One chapter’s handiwork (literally) has salter brook trout returning to a famous creek
The Quashnet is a five-mile prayer of a river that flows into Waquoit Bay in Cape Cod, Mass. Fishing the river is like walking in a verdant tunnel, as wide as a fly rod is long in many sections. Willows and other vegetation overhang the bank, making bow and arrow casts mandatory. Redwing blackbirds, heron, otter, and aquatic life abound. Salter brook trout run into the river from the bay.
The river is remarkable for a variety of reasons. Chief among them is that it ceased to exist 70 years ago.

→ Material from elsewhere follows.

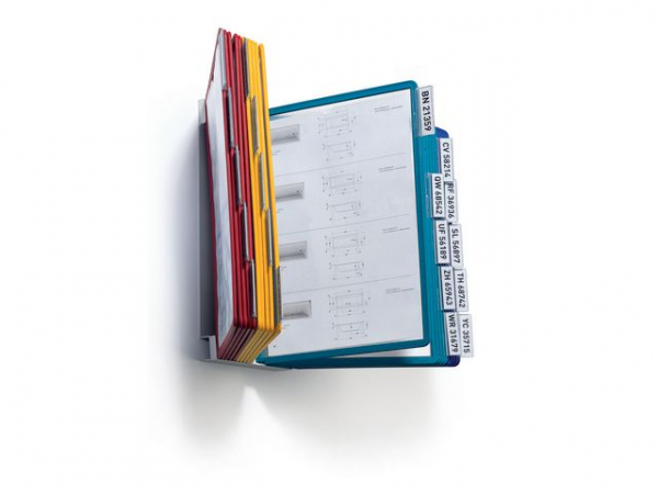 Veggstativ DJOIS A4 med 10 lommer og et patentert magnetisk monteringssystem. Perfekt for hyppig bruk, lommer kan enkelt fjernes og byttes ut. Lommene er laget av slitesterk PP med stålforsterkede rammer og bred hjørneåpning for rask dokumentinnsetting. Beskytter dokumenter mot støv og slitasje.

For many decades, the Quashnet was part of the largest cranberry bog in the world. These bogs always seemed like bucolic scenes to me. In reality, they are devastating to rivers and fish. To turn a river into a cranberry bog, the streamside trees and vegetation are removed, and tons of sand and gravel are dumped into the riverbed, essentially reversing its flow. Dams are constructed every thousand feet or so to control the water levels appropriate for cranberry growth and harvest but not fish habitat.
Consecutive hurricanes hit in 1954 led to the abandonment of the Quashnet cranberry bogs, but by then, the river was long since dead.
Enter Fran Smith, a plumber who grew up along a river in western Massachusetts that would turn a different color every day, depending on the color of the construction paper the paper company upstream was producing.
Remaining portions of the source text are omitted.